A recent meeting in Turin, Italy has seen a group of nine leading neonatology and paediatric cardiology experts agree that pulse oximetry could and should be used in Europe to identify babies with critical congenital heart disease (CCHD) . CCHD is the most common group of congenital abnormalities, affecting between seven and eight of every 1,000 live-born infants . It is an under-diagnosed condition in newborn infants, despite routine antenatal ultrasound and postnatal physical examination procedures . Tragically, this failure to diagnose all affected patients prevents many needy children from receiving potentially life-saving surgery . Pulse oximetry is a highly-specific diagnostic technique  that has the potential to increase CCHD detection rates to over 90% . Consequently, this meeting marks an exciting first step on the road to implementing European-wide guidelines for pulse oximetry CCHD screening in all newborn babies, which in turn has the potential to avert many thousands of preventable infant deaths.

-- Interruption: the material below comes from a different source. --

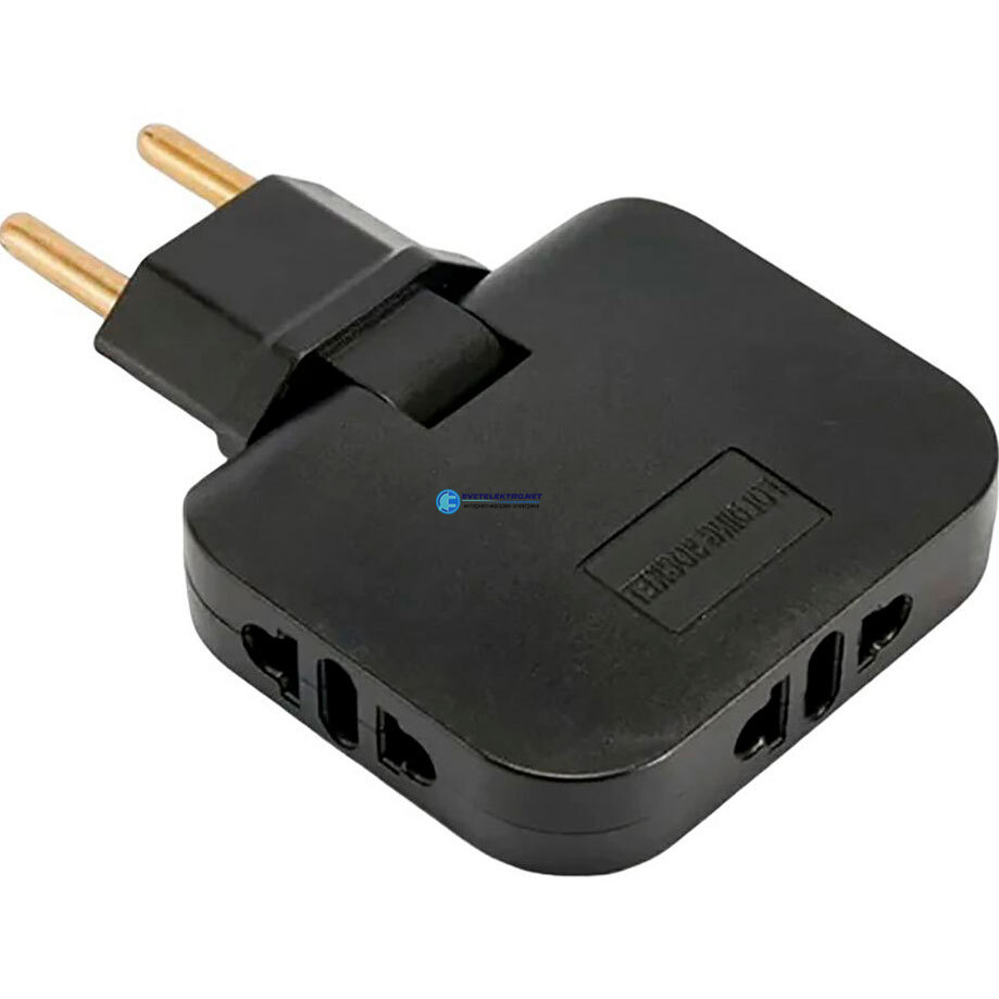 Разветвитель сетевой плоский поворотный 3-местный б/з, черный, код ADP10-23-22, производитель Stekker

The expert group, chaired by Paolo Manzoni, identified several critical steps for the development and implementation of a set of pulse oximetry CCHD screening guidelines. Firstly, it was agreed that pilot guidelines should be developed and implemented at a national or regional level before a European-wide initiative is launched. These pilot guidelines should be straightforward to follow, easily translatable and adaptable to care paradigms in individual countries. ‘Guideline Champions’ should also be appointed to drive the development of guidelines from conception to implementation. As in the United States, legislation and obligatory follow-up programmes should then be drawn-up to ensure that guidelines are being observed.
Italy and Spain have provisionally been selected to execute the first step of the guideline initiative by developing and implementing pilot guidelines. Decisive action from such an esteemed group of experts featuring world-renowned physicians from countries with established screening programmes, including Gerard Martin (USA), Andrew Ewer (UK) and Anne de-Wahl Granelli (Sweden), inspires hope that European guidelines for pulse oximetry-based CCHD screening may soon become a reality. The successful completion of this meeting is, therefore, a cause for great optimism among neonatologists, future parents and patients across Europe.
More about pulse oximetry
Pulse oximetry is a well-established, non-invasive test, which can reveal the presence of clinically undetectable hypoxaemia, a key hallmark of CCHD. It has been found to increase diagnostic sensitivity (the power to detect a defect if one is present) for CCHD to 76.5%, with a specificity (power to selectively detect CCHD over other conditions) of 99.9% . Concerns about cost , acceptability to parents  and false-positive results , however, have resulted in opposition to the widespread implementation of screening.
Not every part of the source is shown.